While reflecting on the long-term development of the regional water-management system, the following lessons for water-sensitive design can be learned: 1) Water management is a collaborative effort:flood defence can only be effective when different authorities and disciplines team up and jointly plan,design, and construct the water-management system from a regional perspective; 2) It is important to acknowledge that each water source (e.g. sea, river,and rain water) has its own temporal dynamic in the amount of water in each (e.g. changing levels of discharge throughout the seasons) and have specific requirements for water management; 3) As a result of an incremental learning process in this region it was considered important to provide enough space for water and flood storage by incorporating natural water streams and water bodies, have a certain distance between dike and river, and utilize natural topography to build dikes and allocate and orient drainage/irrigation ditches and canals.
Water management at the regional scale deals with external water; at the county scale(also known as the Fort scale) interventions focus on regulating internal water. The name “Fort”for a county is used only in Shunde district and highlights a basic unit of division which is strongly related to defence from the two main enemies: flood and pirates[9]. Water management inside a Fort consists of three main components in order to form an effective system: dikes, rivers,and connectors (Fig. 7). These three elements were closely interrelated. The traditional division of the water management can be summarized as “external river, outer dike, internal river, bay,canal, ditch, drainage system”[10].

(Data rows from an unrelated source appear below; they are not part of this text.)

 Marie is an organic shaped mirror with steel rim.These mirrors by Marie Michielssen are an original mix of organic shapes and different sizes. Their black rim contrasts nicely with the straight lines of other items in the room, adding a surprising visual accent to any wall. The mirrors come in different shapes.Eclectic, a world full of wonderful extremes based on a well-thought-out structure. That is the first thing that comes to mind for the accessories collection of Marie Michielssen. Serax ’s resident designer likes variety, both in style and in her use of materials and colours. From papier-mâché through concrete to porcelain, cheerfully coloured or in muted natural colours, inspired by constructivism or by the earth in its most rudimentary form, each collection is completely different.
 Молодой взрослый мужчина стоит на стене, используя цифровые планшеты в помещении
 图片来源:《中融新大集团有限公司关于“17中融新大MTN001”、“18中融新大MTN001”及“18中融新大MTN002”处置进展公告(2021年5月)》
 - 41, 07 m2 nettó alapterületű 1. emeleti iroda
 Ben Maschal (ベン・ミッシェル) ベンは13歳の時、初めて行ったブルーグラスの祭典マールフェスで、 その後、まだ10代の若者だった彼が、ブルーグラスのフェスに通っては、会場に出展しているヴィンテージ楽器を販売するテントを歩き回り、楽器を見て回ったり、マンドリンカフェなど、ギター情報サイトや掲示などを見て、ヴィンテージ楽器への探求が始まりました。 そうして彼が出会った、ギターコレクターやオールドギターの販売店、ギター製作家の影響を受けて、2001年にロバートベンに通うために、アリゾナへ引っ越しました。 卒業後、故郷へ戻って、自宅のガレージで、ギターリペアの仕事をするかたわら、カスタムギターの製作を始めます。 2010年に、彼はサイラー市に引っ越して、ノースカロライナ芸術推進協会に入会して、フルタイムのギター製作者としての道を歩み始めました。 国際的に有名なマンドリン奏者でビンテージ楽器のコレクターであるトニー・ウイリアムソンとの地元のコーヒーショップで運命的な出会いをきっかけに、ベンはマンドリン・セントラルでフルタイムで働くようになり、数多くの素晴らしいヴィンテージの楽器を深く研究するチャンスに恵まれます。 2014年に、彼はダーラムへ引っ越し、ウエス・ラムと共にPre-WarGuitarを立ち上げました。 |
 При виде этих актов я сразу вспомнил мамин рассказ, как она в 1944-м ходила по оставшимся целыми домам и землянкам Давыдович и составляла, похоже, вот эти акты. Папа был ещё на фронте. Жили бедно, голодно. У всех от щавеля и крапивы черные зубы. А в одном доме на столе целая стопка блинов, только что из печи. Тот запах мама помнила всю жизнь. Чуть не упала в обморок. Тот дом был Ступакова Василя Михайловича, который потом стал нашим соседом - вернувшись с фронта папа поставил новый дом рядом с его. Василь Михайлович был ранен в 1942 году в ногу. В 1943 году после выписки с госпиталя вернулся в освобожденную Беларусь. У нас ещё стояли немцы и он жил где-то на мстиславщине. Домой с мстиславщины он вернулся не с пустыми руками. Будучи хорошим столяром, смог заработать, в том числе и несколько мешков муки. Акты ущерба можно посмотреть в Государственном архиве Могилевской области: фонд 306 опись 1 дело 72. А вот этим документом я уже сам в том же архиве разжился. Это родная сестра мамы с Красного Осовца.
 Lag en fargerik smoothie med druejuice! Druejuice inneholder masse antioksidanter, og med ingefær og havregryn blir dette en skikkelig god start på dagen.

The water-management system at the Fort scale consists of drainage in the flood season and water storage in the dry season, which also works closely with the daily and monthly tidal change.For example, in the flood season, floods from the external river or the sea will be prevented by the large dikes constructed along the main river course,while the internal flood waters caused by heavy rain can be temporarily stored in internal rivers, canals,creeks, bays, and dike-ponds. During low tide,when the outer water table is lower, this water can be drained from the ponds through drainage holes into canals and thence to internal rivers, creeks, or rivulets. Finally, with the opening of sluices on the outer dikes, it can be drained into the outer rivers. In the dry season this system works conversely to store rain water, using it and river water for irrigation.With this double-sided and regular system, that could be adjusted at any time, the settlements and agriculture inside the Fort were able to deal with both flood and drought. As a result, this water system was not only capable of flood protection,but also of irrigation and transportation. It provided agriculture with water as well as rich sediment and convenient transportation.

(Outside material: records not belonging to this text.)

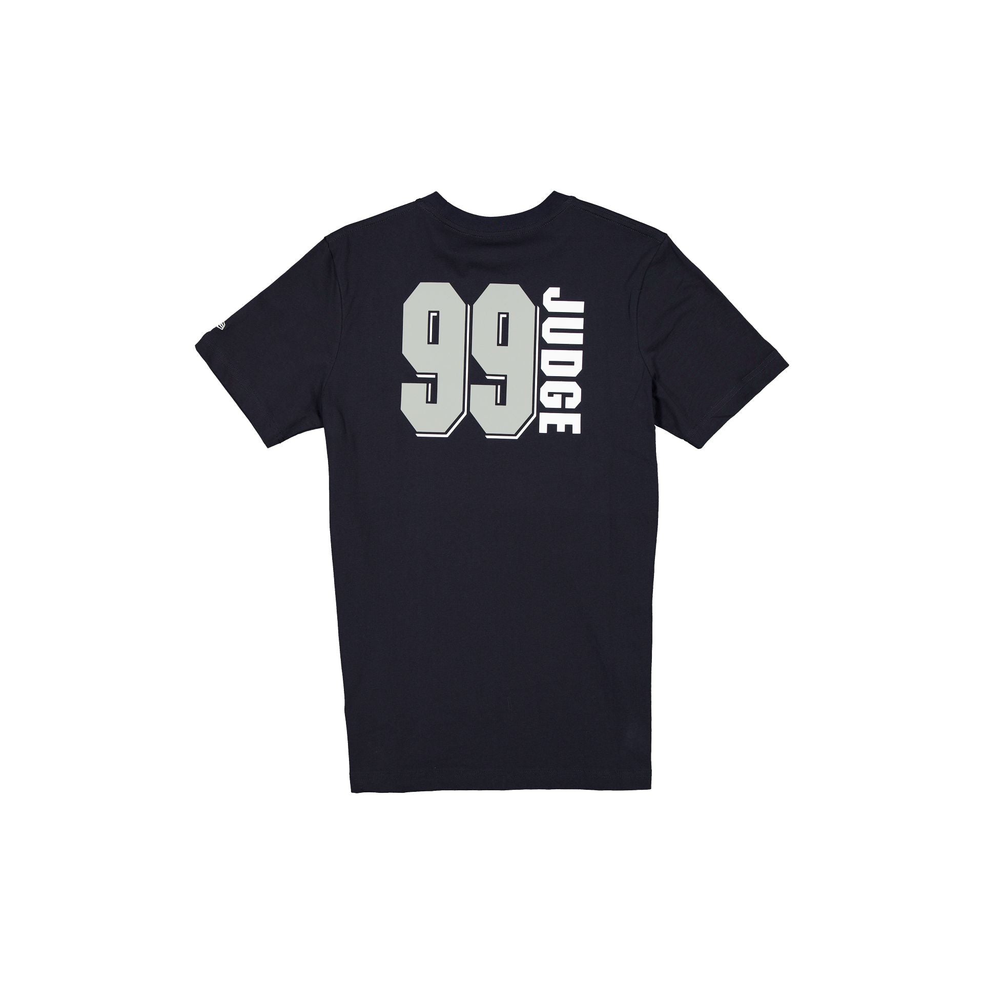 The New York Yankees Name & Number Aaron Judge T-Shirt features a screen-printed Yankees graphic at the front with the player’s name and number at the rear.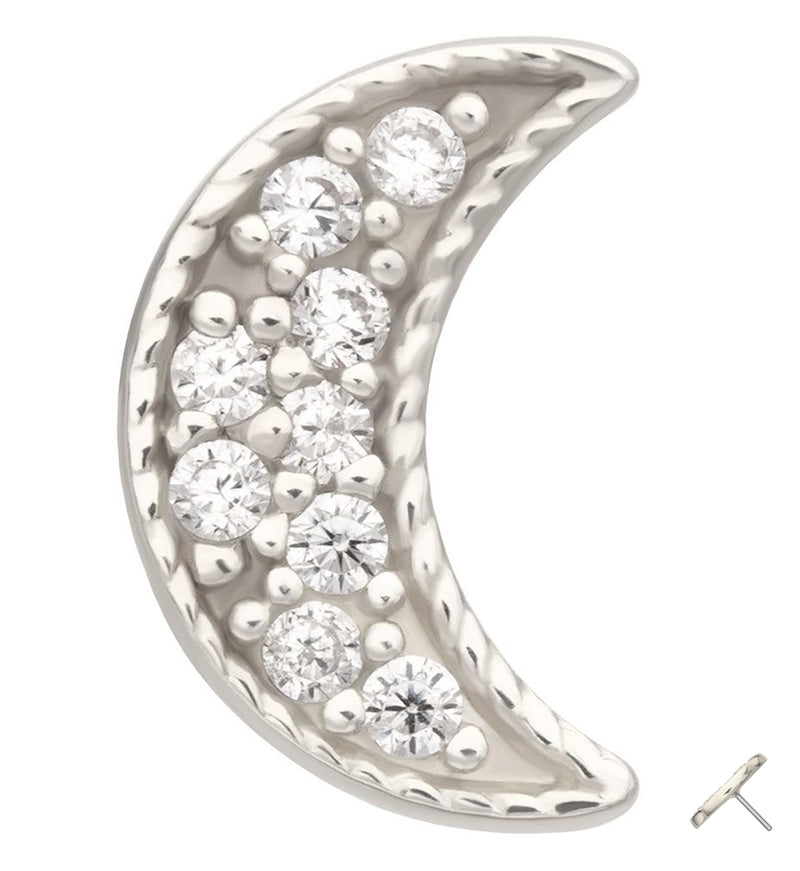 Shimmering, threadless top piece that has a delicately beaded edge along a crescent moon design. In the center are several clear, cz gems. Made from 14kt nickel-free white gold with a 316L stainless steel pin. Pin size is 25G. Length is approximately 5mm. Top size measures 7.9mm x 5.2mm. Sold individually (1pc - top only).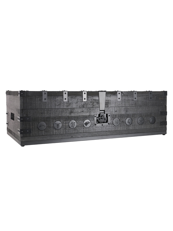 A limited edition branded Game Of Thrones chest, specially designed to contain the original eight releases of Game Of Thrones single malt whisky from Diageo, with all Houses (from Tully to Tyrell and the Night's Watch etc) represented by a different distillery. The weathered wooden display chest is adorned with the sigils of each Westeros house. This is number 051 of 205 produced.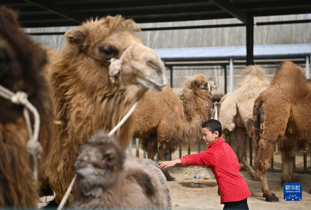 新疆莎車(chē)縣米夏鎮的牛羊巴扎上,一名兒童在觀(guān)看駱駝(3月12日攝)。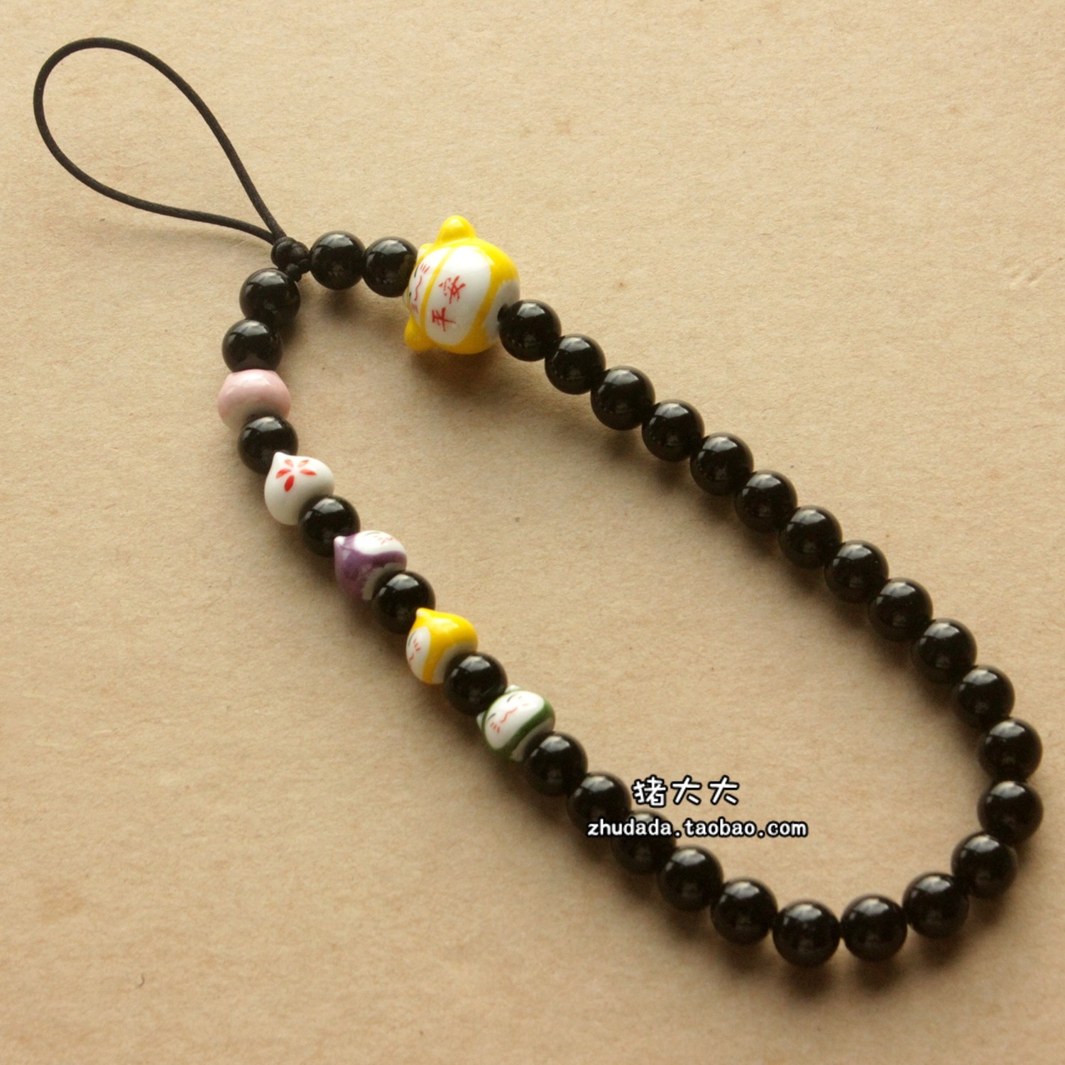 包邮套手腕手机链挂件吊饰防丢绳本命年陶瓷招财猫红绳超结实耐用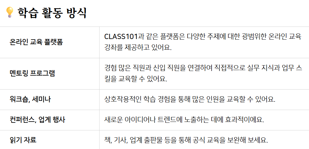직원들이 필요한 지식과 기술을 단계적으로 습득하고, 이를 실제 업무에 적용하여 내 것으로 만드는 실행 과정까지 포함하는 교육 방식이에요. 개인은 역량 개발을 체계적으로 진행할 수 있고, 조직은 개인과 조직의 전략 목표를 일치시켜 장기적인 관점에서 성장에 도움이 된다는 장점이 있죠.

Based on this understanding the following lessons can be learned for water-sensitive design:1) Buffering and storing water through a water network: water elements are connected and form a network that provides enough space for temporary storage of rain and river water for irrigation and drainage; 2) The hierarchy in the water network enables adaptive water management through dynamic control between different water bodies enabling the regulation of the water table at any time; the drainage holes,ditches, canals, and sluices all play key important roles in the whole system; 3) Water management requires an integral approach; the water system is multifunctional:flood defence, water storage, agriculture, and transportation are all considered integral to the system and provide conditions for the development of agricultural production, settlement development, as well as enhancing social communication.
Besides the water-management system that protects the whole Fort from flood risk, the village also has its principles of site selection, layout, and building techniques related to flood protection.These principles not only help people reduce flood risk, but also form a special paradigm for living and interacting with water, and focus on aspects such as the layout of villages in different geographical conditions, methods of water storage and drainage,as well as social structure. First, two main village types are identified in this article, taking their names from their geographical conditions: the mountain village and the plain village.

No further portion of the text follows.